Setting --overlap_len_require 17 forces fastp to look at reads starting at base 17, instead of the default 30 and results in more accurate analyses, since these are sRNA-seq libraries where the expected/desired read lengths will be 17 - 30bp in length.

2.4.1 Paired-end Trimming

The paired end trimming will examine how some of the trimming options impact sequencing read lengths, quality, and subsequent merging.

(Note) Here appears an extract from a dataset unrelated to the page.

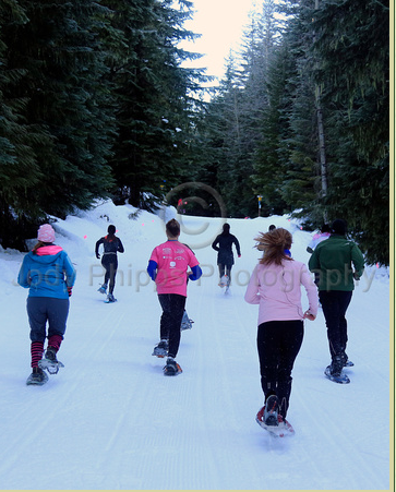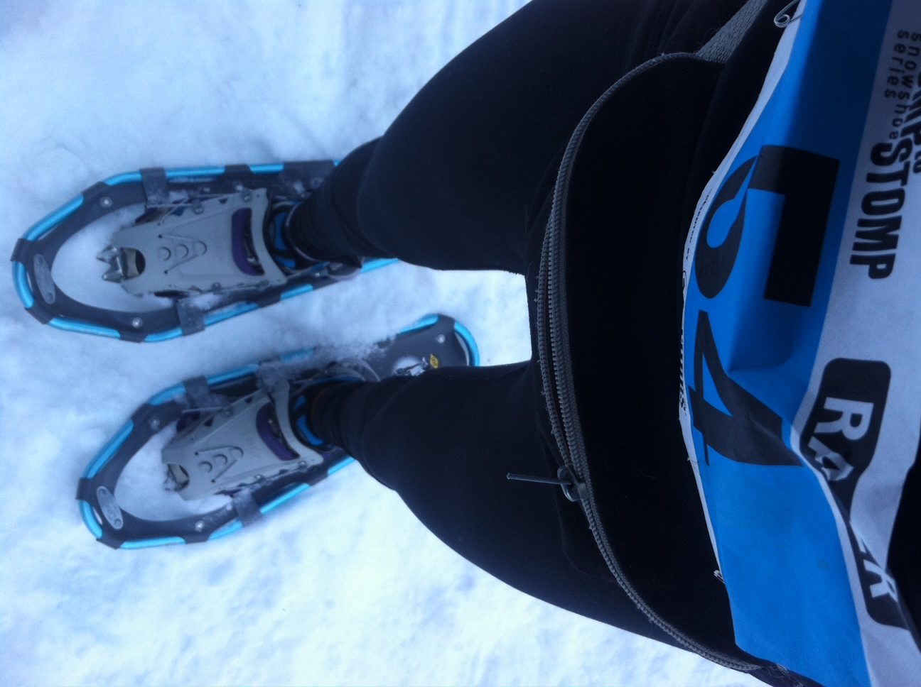 I got there JUST in time. I hustled to the start line, tightened my snowshoes and then it was "On your mark, get set, GO!" and we were off.

2.4.1.1 PolyG Trimming Only

# Load bash variables into memory
source .bashvars

"${fastp}" \
--in1 ./raw/sRNA-POR-79-S1-TP2_R1_001.fastq.gz \
--in2 ./raw/sRNA-POR-79-S1-TP2_R2_001.fastq.gz \
--out1 ./trimmed-reads/fastp-polyG_only.R1.fq.gz \
--out2 ./trimmed-reads/fastp-polyG_only.R2.fq.gz \
--disable_adapter_trimming \
--trim_poly_g \
--overlap_len_require 17 \
--thread ${threads} \
--html "fastp-polyG-only.html" \
--json "fastp-polyG-only.json" \
--report_title "fastp-polyG-only"

WARNING: fastp uses up to 16 threads although you specified 46
Read1 before filtering:
total reads: 19762559
total bases: 2964383850
Q20 bases: 2604771220(87.8689%)
Q30 bases: 2427856243(81.9009%)

Read2 before filtering:
total reads: 19762559
total bases: 2964383850
Q20 bases: 2619314070(88.3595%)
Q30 bases: 2408732242(81.2557%)

Read1 after filtering:
total reads: 19450041
total bases: 1698288792
Q20 bases: 1478970498(87.0859%)
Q30 bases: 1370182460(80.6802%)

Read2 after filtering:
total reads: 19450041
total bases: 1849068926
Q20 bases: 1690862447(91.444%)
Q30 bases: 1596965342(86.3659%)

Filtering result:
reads passed filter: 38900082
reads failed due to low quality: 595592
reads failed due to too many N: 40
reads failed due to too short: 29404

Duplication rate: 10.4184%

Insert size peak (evaluated by paired-end reads): 29

JSON report: fastp-polyG-only.json
HTML report: fastp-polyG-only.html

/home/shared/fastp --in1 ./raw/sRNA-POR-79-S1-TP2_R1_001.fastq.gz --in2 ./raw/sRNA-POR-79-S1-TP2_R2_001.fastq.gz --out1 ./trimmed-reads/fastp-polyG_only.R1.fq.gz --out2 ./trimmed-reads/fastp-polyG_only.R2.fq.gz --disable_adapter_trimming --trim_poly_g --overlap_len_require 17 --thread 46 --html fastp-polyG-only.html --json fastp-polyG-only.json --report_title fastp-polyG-only 
fastp v0.23.2, time used: 43 seconds

2.4.1.2 Adapters & PolyG Trimming

# Load bash variables into memory
source .bashvars

"${fastp}" \
--in1 ./raw/sRNA-POR-79-S1-TP2_R1_001.fastq.gz \
--in2 ./raw/sRNA-POR-79-S1-TP2_R2_001.fastq.gz \
--out1 ./trimmed-reads/fastp-adapters-polyG.R1.fq.gz \
--out2 ./trimmed-reads/fastp-adapters-polyG.R2.fq.gz \
--adapter_fasta NEB-adapters.fasta \
--trim_poly_g \
--overlap_len_require 17 \
--thread ${threads} \
--html "fastp-adapters-polyG.html" \
--json "fastp-adapters-polyG.json" \
--report_title "fastp-adapters-polyG-only"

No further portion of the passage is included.